## REQUIREMENT
From the material below, return exactly the lines starting at the one that holds "Die in der iCloud" and ending at the one that holds "En la siguiente". Pictures stay out of the answer.

## EXTRACTED INFORMATION
--- START ---

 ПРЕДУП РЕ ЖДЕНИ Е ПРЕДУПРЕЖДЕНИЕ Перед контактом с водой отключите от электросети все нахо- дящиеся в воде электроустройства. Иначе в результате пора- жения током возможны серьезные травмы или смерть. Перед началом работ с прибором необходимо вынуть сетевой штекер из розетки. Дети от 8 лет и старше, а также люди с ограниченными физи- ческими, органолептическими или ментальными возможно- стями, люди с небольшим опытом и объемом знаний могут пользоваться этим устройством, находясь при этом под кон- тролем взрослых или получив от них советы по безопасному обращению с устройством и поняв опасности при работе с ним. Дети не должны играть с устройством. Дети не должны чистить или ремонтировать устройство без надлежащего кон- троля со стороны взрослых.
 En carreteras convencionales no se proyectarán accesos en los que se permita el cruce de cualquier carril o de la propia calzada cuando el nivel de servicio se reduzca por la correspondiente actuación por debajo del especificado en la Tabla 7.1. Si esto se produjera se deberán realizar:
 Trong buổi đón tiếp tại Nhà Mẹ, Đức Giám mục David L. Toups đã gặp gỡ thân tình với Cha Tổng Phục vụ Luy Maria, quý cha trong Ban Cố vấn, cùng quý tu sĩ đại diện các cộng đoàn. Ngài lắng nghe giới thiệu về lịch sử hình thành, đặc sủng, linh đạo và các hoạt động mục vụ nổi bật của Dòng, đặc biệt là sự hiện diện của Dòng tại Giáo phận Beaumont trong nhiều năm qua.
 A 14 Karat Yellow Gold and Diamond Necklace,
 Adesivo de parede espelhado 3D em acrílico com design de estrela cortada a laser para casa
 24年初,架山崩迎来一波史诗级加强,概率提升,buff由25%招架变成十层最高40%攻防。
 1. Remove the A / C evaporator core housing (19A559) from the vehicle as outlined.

--- END ---
--- START ---

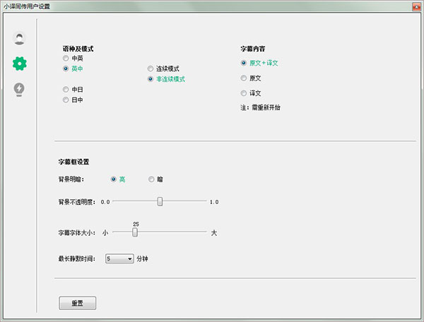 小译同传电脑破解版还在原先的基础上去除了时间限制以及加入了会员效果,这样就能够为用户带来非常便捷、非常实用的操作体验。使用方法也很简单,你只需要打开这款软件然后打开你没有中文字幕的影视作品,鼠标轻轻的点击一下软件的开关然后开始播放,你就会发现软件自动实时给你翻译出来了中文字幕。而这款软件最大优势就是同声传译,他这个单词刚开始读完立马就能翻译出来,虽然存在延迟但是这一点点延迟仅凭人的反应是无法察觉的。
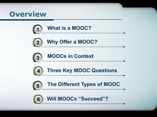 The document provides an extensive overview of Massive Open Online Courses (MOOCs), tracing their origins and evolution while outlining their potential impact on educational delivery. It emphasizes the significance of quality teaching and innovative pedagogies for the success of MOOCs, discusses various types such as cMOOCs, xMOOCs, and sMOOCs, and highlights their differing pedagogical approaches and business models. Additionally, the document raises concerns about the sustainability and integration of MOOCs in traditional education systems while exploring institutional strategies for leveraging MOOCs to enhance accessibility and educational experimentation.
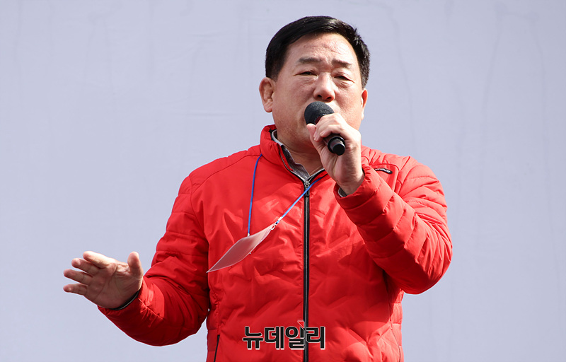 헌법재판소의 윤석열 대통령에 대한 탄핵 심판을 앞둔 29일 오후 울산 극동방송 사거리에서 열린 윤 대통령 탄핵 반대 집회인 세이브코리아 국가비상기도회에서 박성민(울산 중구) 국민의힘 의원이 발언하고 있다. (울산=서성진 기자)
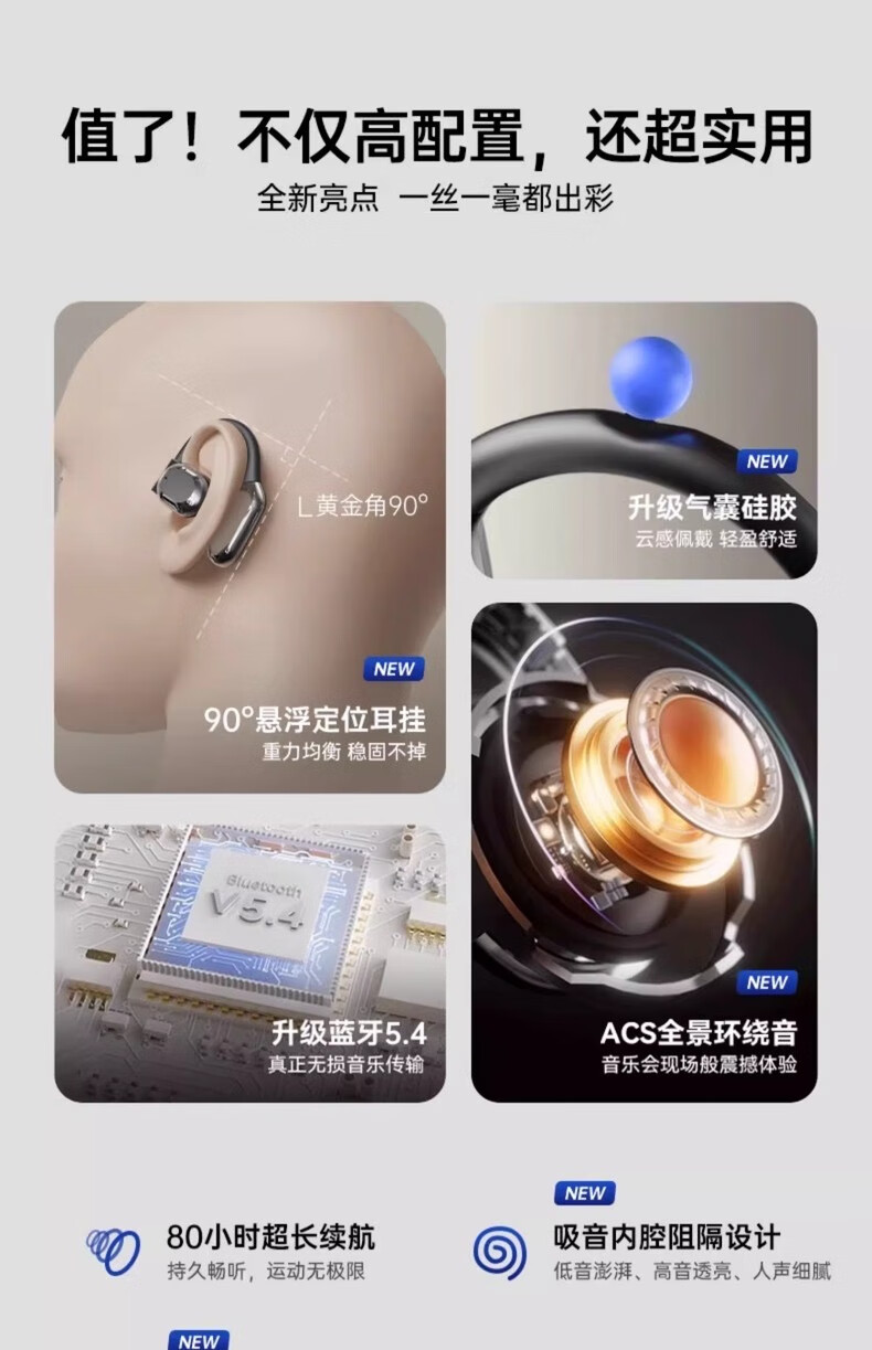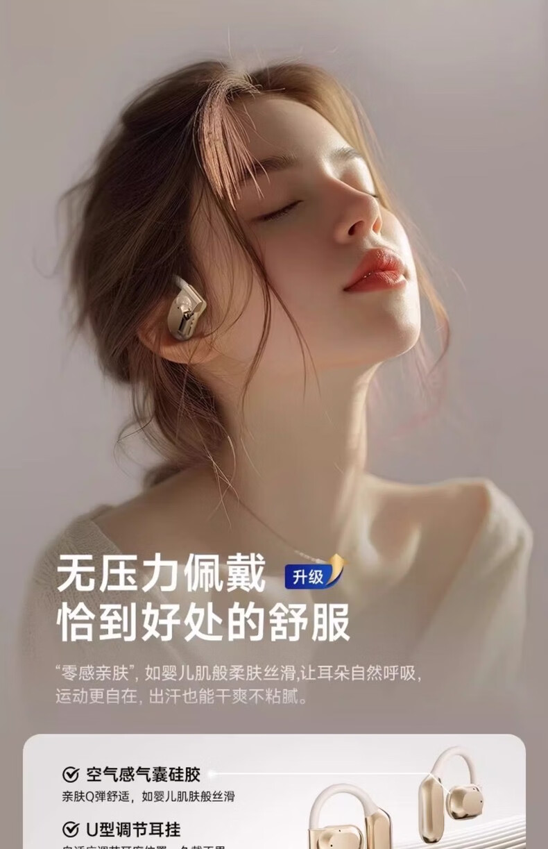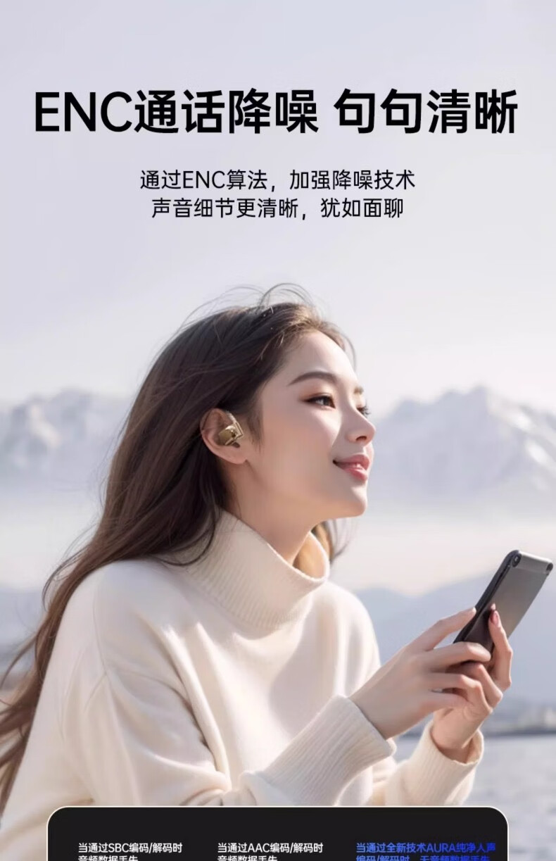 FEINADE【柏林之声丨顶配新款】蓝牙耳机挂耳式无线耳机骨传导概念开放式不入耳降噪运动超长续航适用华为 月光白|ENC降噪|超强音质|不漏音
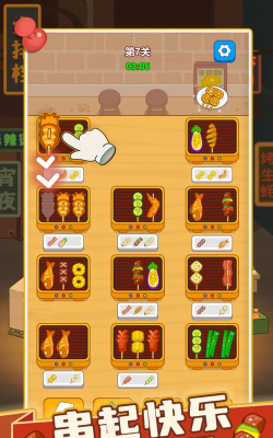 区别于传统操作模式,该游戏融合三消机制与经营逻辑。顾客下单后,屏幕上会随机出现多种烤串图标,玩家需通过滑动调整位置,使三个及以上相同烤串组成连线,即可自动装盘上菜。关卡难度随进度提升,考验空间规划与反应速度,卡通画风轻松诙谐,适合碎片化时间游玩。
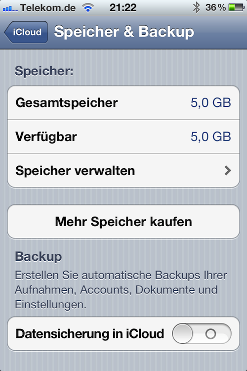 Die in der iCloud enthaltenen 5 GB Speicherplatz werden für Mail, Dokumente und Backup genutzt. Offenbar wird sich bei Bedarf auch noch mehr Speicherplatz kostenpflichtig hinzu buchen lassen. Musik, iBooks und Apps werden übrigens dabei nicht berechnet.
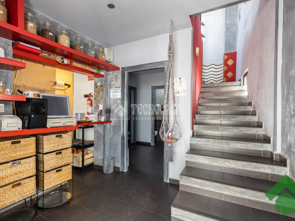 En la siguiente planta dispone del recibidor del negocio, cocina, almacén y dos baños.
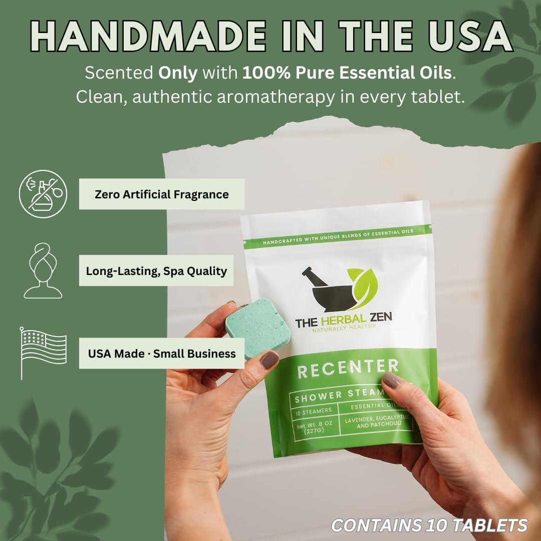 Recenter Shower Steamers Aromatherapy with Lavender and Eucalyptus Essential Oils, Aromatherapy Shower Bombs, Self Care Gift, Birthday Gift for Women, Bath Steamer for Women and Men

--- END ---
--- START ---

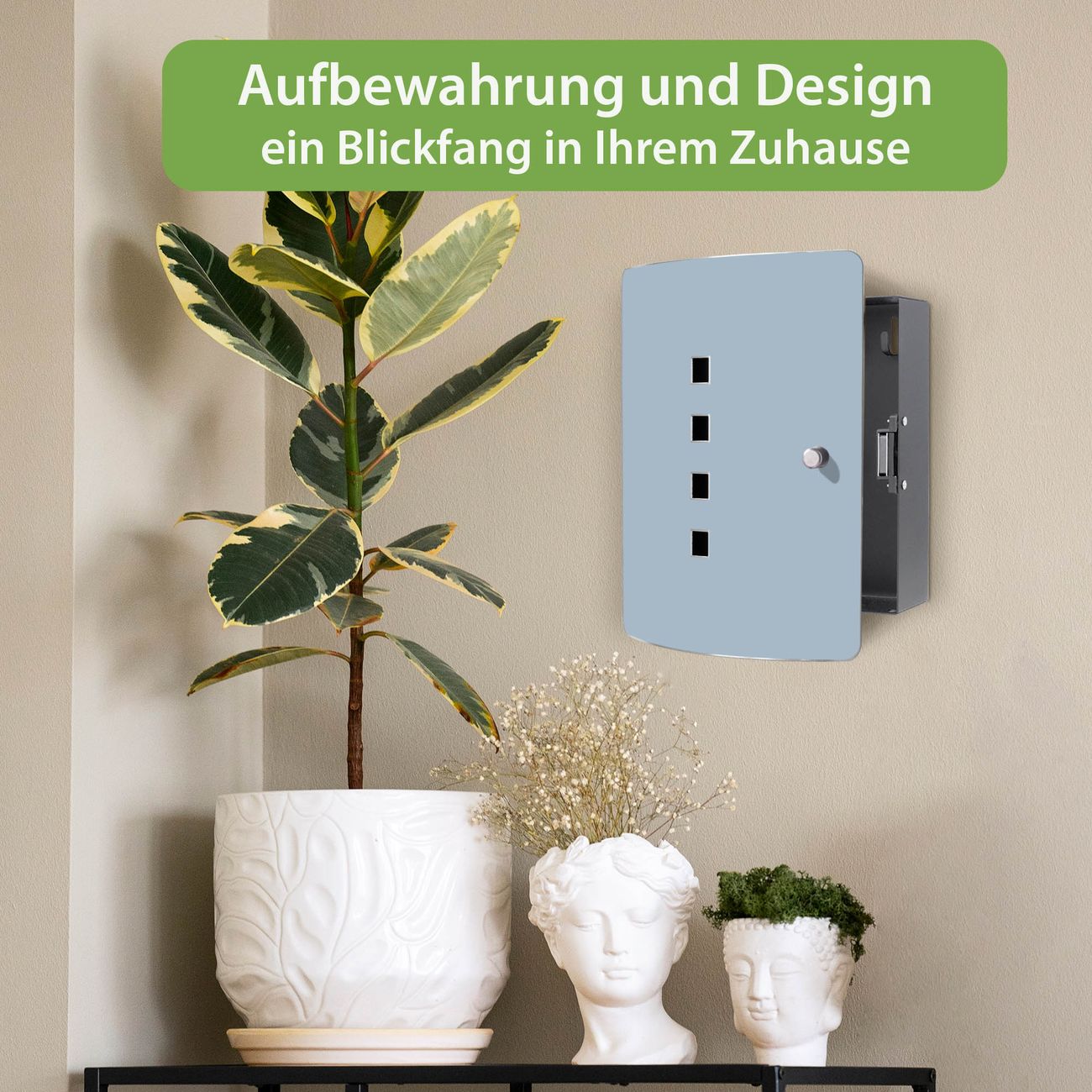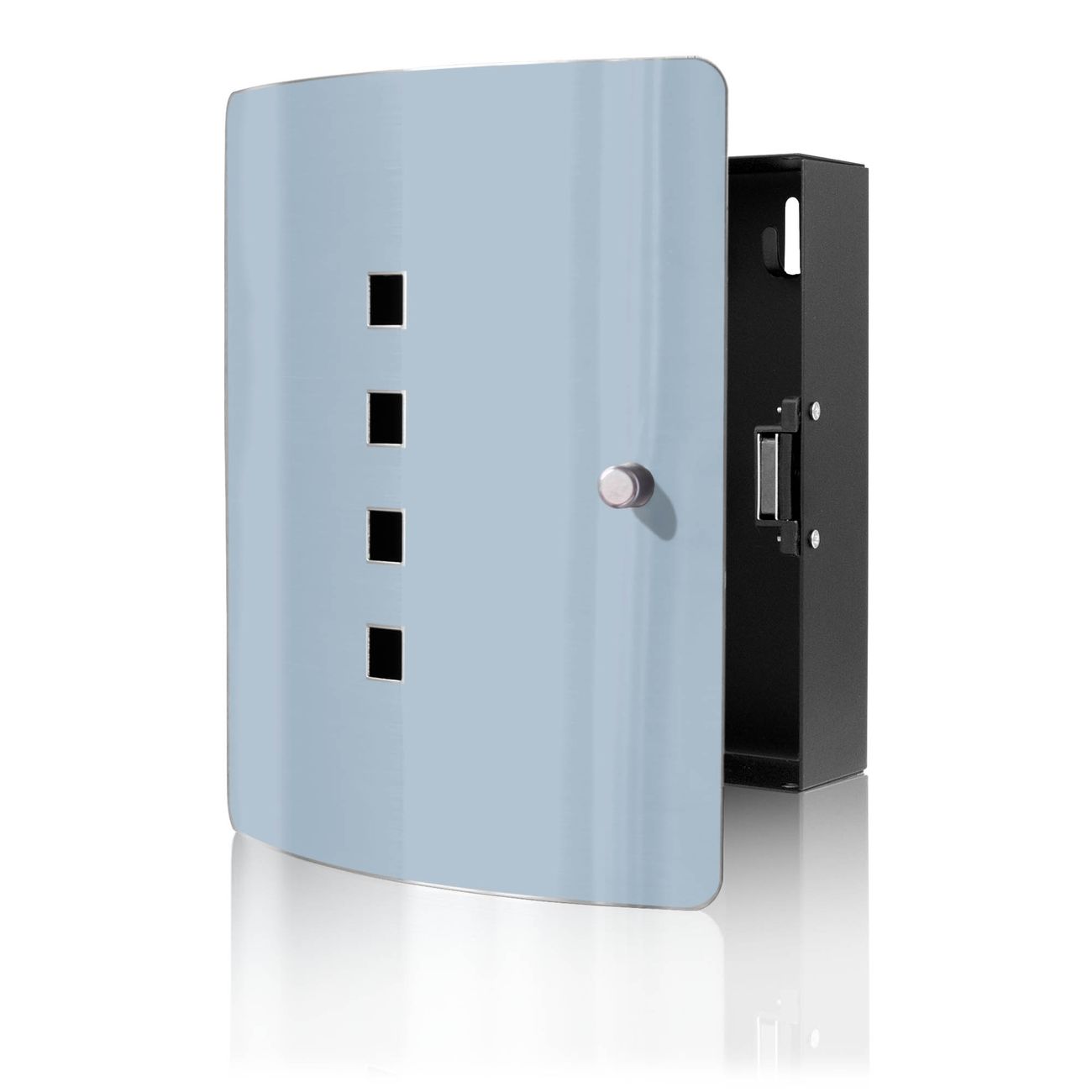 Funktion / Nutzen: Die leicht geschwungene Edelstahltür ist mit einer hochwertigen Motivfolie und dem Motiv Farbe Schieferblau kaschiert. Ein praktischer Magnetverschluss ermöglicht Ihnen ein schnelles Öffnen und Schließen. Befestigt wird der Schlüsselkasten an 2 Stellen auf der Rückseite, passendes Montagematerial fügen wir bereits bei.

--- END ---

## PROBLEM SOLUTION
 Die in der iCloud enthaltenen 5 GB Speicherplatz werden für Mail, Dokumente und Backup genutzt. Offenbar wird sich bei Bedarf auch noch mehr Speicherplatz kostenpflichtig hinzu buchen lassen. Musik, iBooks und Apps werden übrigens dabei nicht berechnet.
 En la siguiente planta dispone del recibidor del negocio, cocina, almacén y dos baños.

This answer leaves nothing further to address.